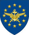 The blazon given by the EU in 1996 describe the design as: "On an azure field a circle of twelve golden mullets, their points not touching."[7]
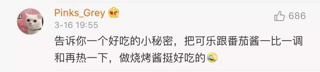 當然也(yě)有不少同學表示,可(kě)樂(yuè)還(hái)是很受歡迎的(de),隻是用(yòng)處好像跑偏了(le),萬能的(de)網友秀出可(kě)樂(yuè)的(de)各種用(yòng)法,包括但不限于:做(zuò)可(kě)樂(yuè)雞翅、燒烤醬、可(kě)樂(yuè)姜湯、沖廁所、暈車藥……
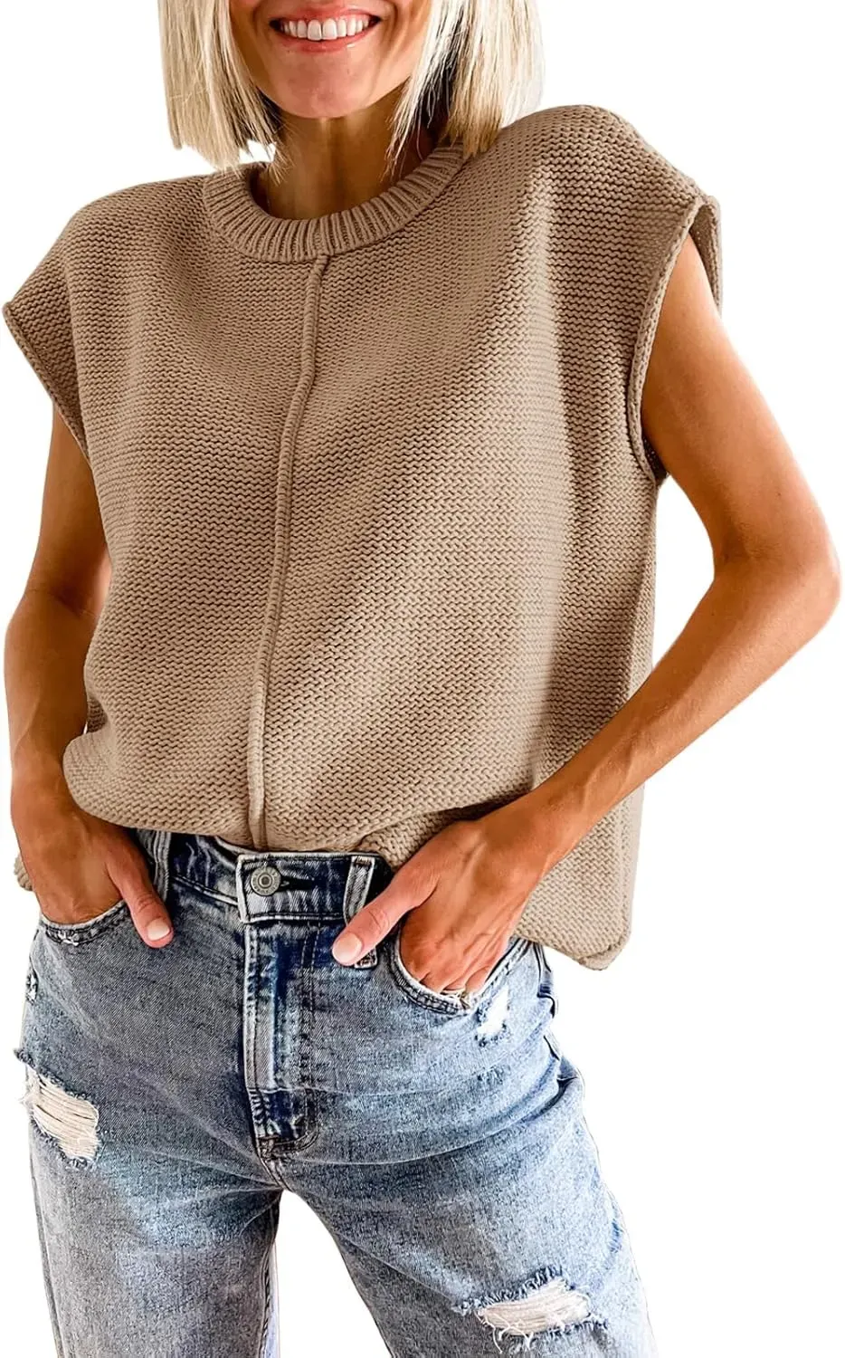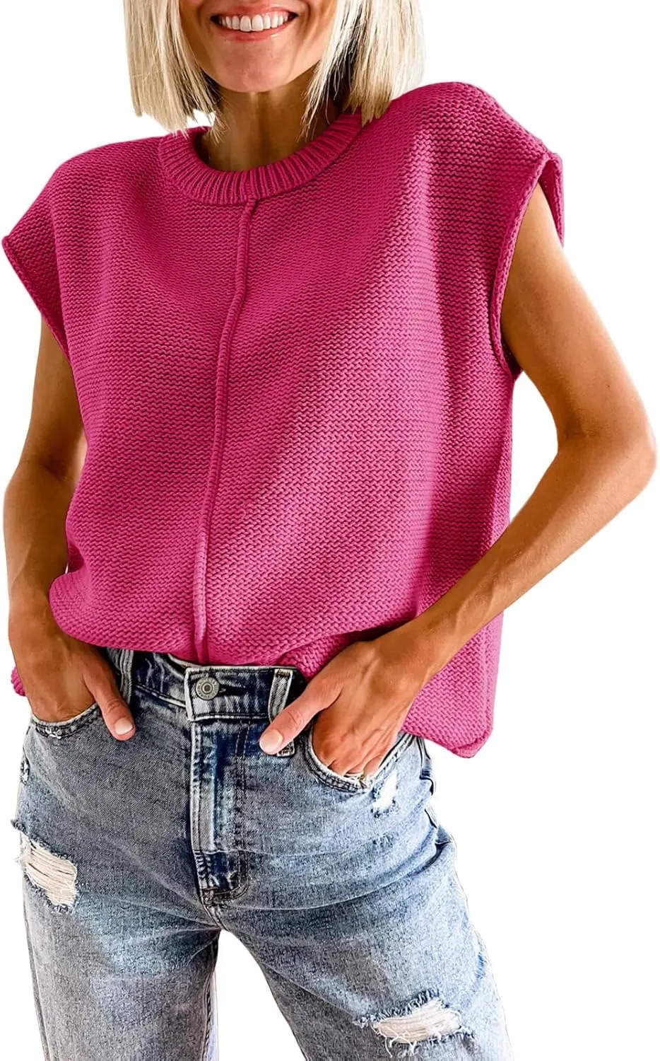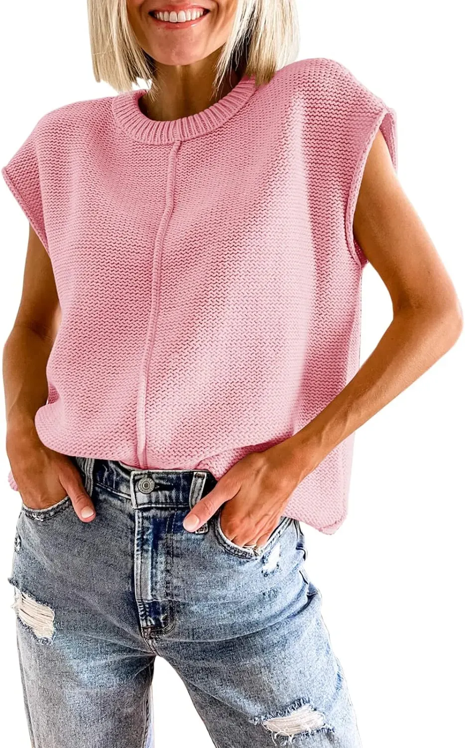 • Saodimallsu Womens Summer Cap Sleeve Tops Casual Crew Neck Loose Fit Knit Lightweight Sweater Pullover Top

---

• [Exercise goal]: Print the data above in full and exactly as it appears, skipping the pictures.

• [Response]:
 The blazon given by the EU in 1996 describe the design as: "On an azure field a circle of twelve golden mullets, their points not touching."[7]
 當然也(yě)有不少同學表示,可(kě)樂(yuè)還(hái)是很受歡迎的(de),隻是用(yòng)處好像跑偏了(le),萬能的(de)網友秀出可(kě)樂(yuè)的(de)各種用(yòng)法,包括但不限于:做(zuò)可(kě)樂(yuè)雞翅、燒烤醬、可(kě)樂(yuè)姜湯、沖廁所、暈車藥……
 • Saodimallsu Womens Summer Cap Sleeve Tops Casual Crew Neck Loose Fit Knit Lightweight Sweater Pullover Top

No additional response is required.